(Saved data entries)
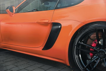 El catálogo de accesorios de TechArt para el Porsche 718 Cayman surte al coupé de motor central de Porsche de multitud de añadidos de fibra de carbono, con unas nuevas branquias laterales, un nuevo splitter frontal, unas “pestañas” para las tomas de aire delanteras, una nueva toma de aire frontal bajo el portón del maletero delantero, un nuevo difusor posterior, unas atractivas branquias laterales, unas nuevas molduras para los retrovisores…
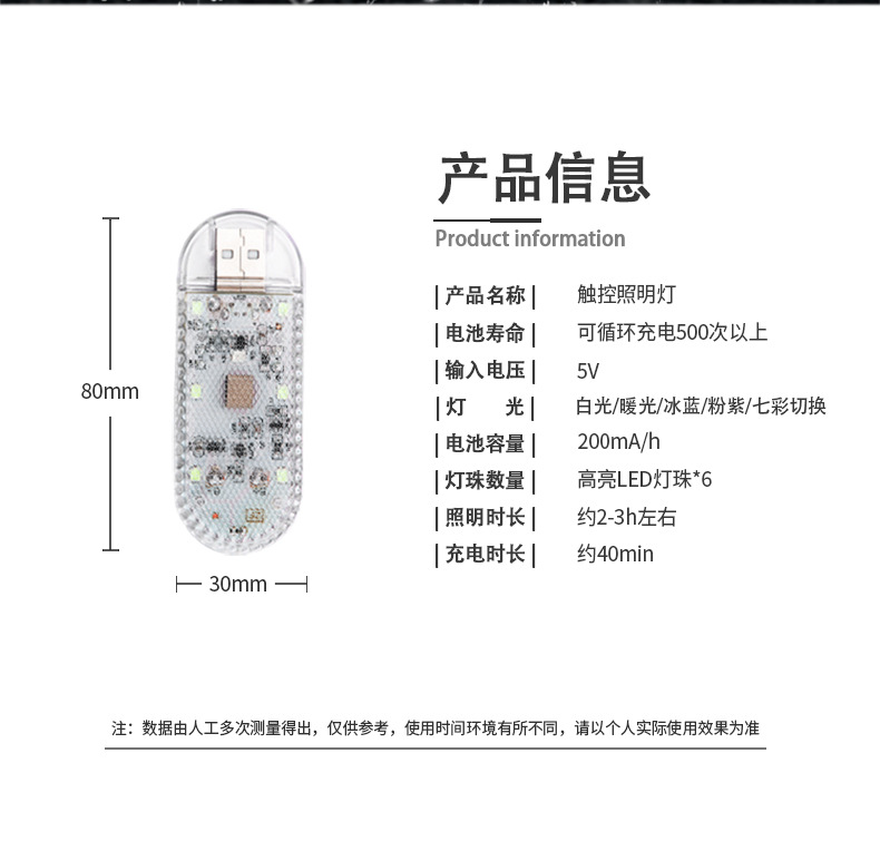 국경 간 자동차 터치 라이트 USB 무선 발 라이트 플래시 항공기 조명 예비 조명 다채로운 장식 경찰
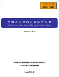 《全國呼叫中心運(yùn)營績效標(biāo)準(zhǔn)》(China Contact Center Standard for Operation Performance,簡(jiǎn)稱"CCCS-OP-2003標(biāo)準(zhǔn)"),是由CTI論壇客戶關(guān)系管理學(xué)院負(fù)責(zé)策劃和起草,并聯(lián)合該領(lǐng)域內(nèi)具有代表性的客戶服務(wù)提供商、運(yùn)營商一起同心協(xié)力,站在行業(yè)發(fā)展的最前沿,共同創(chuàng)建的客戶服務(wù)及呼叫中心行業(yè)運(yùn)營標(biāo)準(zhǔn),并最終由信息產(chǎn)業(yè)部中國信息化推進(jìn)聯(lián)盟客戶關(guān)系管理專業(yè)委員會(huì)發(fā)布實(shí)施的行業(yè)標(biāo)準(zhǔn)。該標(biāo)準(zhǔn)填補(bǔ)了國內(nèi)在該領(lǐng)域的一項(xiàng)空白,并將帶動(dòng)整個(gè)行業(yè)不斷地向前發(fā)展。
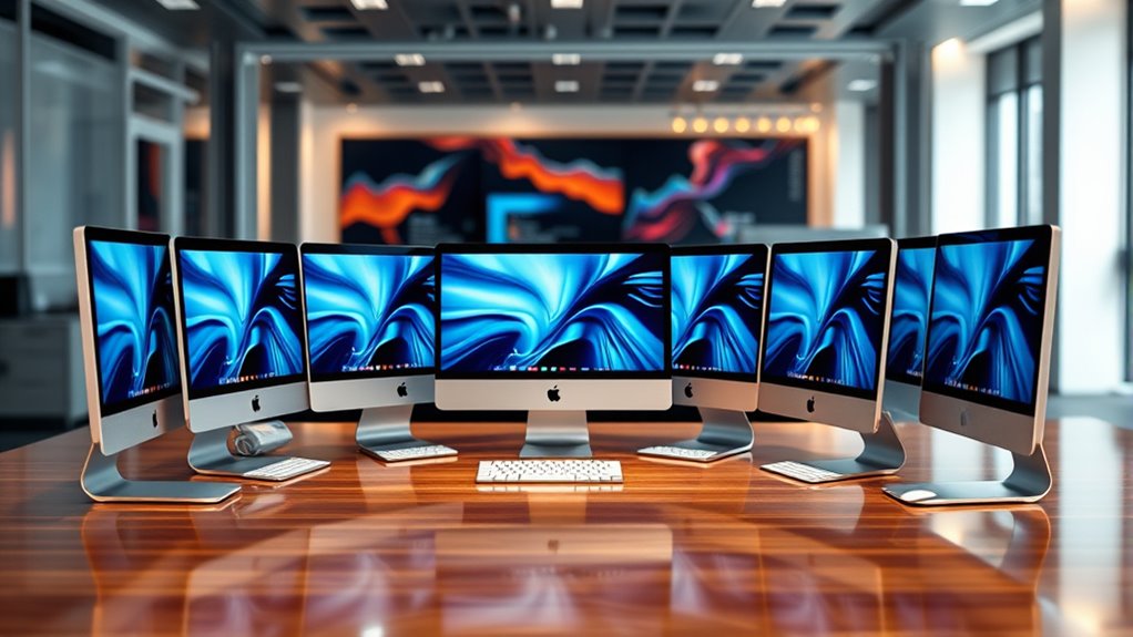 If you’re after the best renewed Mac Studio desktops for power and performance in 2025, I’ve got you covered. These models feature the latest M4 Max and M4 Pro chips, offering robust processing, high-end graphics, and ample RAM for demanding tasks. They come with stunning Liquid Retina XDR displays, plenty of connectivity options, and durable designs suitable for professional workflows. Keep exploring to discover which renewed Mac Studio best fits your needs and budget.
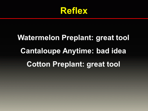 Reflex<BR>Watermelon Preplant: great tool <BR>Cantaloupe Anytime: bad idea <BR>Cotton Preplant: great tool <BR>
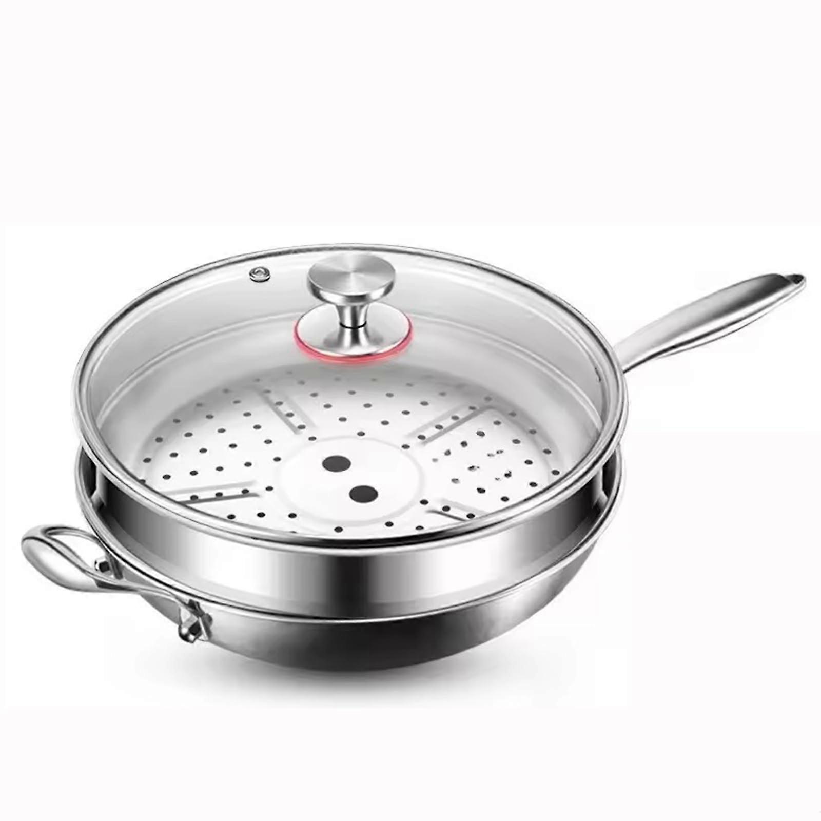 Durable, scratchresistant titanium frying pan with lid and steamer — designed for everyday healthy cooking Key benefits Longlasting construction: Made from pure titanium metal for corrosion resistance and longterm durability. The scratchresistant surface holds up to regular use. Healthier cooking with less oil: Strong nonstick performance and a hammered finish let you cook with less oil or butter, supporting a lowerfat, everyday diet. Faster, even heating: Fivelayer base design distributes heat evenly for quicker, more efficient cooking and better temperature control to reduce burnt or stuck food. Easy cleanup and versatile use: Dishwasher and ovensafe for simple cleanup. Compatible with induction, ceramic, halogen, gas and electric stovetops. What makes this pan stand out Pure titanium material provides corrosion resistance and durability compared with conventional nonstick pans. Hammered, nonstick surface reduces sticking and eases release of food without heavy coatings. Integrated lid and steamer function add flexibility for frying, steaming and simmering. Practical features Scratchresistant nonstick surface for everyday use. 5layer heating system for rapid, even heat distribution. Ovensafe construction for finishing dishes or keeping food warm. Safe for all common cooktops: induction, ceramic, halogen, gas, and electric. Dishwashersafe for loweffort cleaning. Typical uses Quick weekday breakfasts: Fry eggs or omelets with minimal oil and easy release. Stirfry and sauté: Even heating helps cook vegetables and proteins quickly without hotspots or sticking. Steaming and simmering: Use the included lid/steamer for fish, dim sum, or gentle steaming of vegetables. Care tips Use utensil types recommended for nonstick cookware to extend surface life. Can be cleaned in the dishwasher or washed by hand; ensure pan has cooled before submerging in cold water. This titanium hammered pan pro with lid and steamer combines durable construction, efficient heat control and broad stovetop compatibility to make everyday cooking faster, cleaner and healthier.

* TASK OBJECTIVE:
With pictures excluded, reproduce exactly the lines above from the one containing "국경 간 자동차 터치" down to the one containing "Reflex<BR>Watermelon Preplant: great", those two included.

* ANSWER BOX:
 국경 간 자동차 터치 라이트 USB 무선 발 라이트 플래시 항공기 조명 예비 조명 다채로운 장식 경찰
 《全國呼叫中心運(yùn)營績效標(biāo)準(zhǔn)》(China Contact Center Standard for Operation Performance,簡(jiǎn)稱"CCCS-OP-2003標(biāo)準(zhǔn)"),是由CTI論壇客戶關(guān)系管理學(xué)院負(fù)責(zé)策劃和起草,并聯(lián)合該領(lǐng)域內(nèi)具有代表性的客戶服務(wù)提供商、運(yùn)營商一起同心協(xié)力,站在行業(yè)發(fā)展的最前沿,共同創(chuàng)建的客戶服務(wù)及呼叫中心行業(yè)運(yùn)營標(biāo)準(zhǔn),并最終由信息產(chǎn)業(yè)部中國信息化推進(jìn)聯(lián)盟客戶關(guān)系管理專業(yè)委員會(huì)發(fā)布實(shí)施的行業(yè)標(biāo)準(zhǔn)。該標(biāo)準(zhǔn)填補(bǔ)了國內(nèi)在該領(lǐng)域的一項(xiàng)空白,并將帶動(dòng)整個(gè)行業(yè)不斷地向前發(fā)展。
 If you’re after the best renewed Mac Studio desktops for power and performance in 2025, I’ve got you covered. These models feature the latest M4 Max and M4 Pro chips, offering robust processing, high-end graphics, and ample RAM for demanding tasks. They come with stunning Liquid Retina XDR displays, plenty of connectivity options, and durable designs suitable for professional workflows. Keep exploring to discover which renewed Mac Studio best fits your needs and budget.
 Reflex<BR>Watermelon Preplant: great tool <BR>Cantaloupe Anytime: bad idea <BR>Cotton Preplant: great tool <BR>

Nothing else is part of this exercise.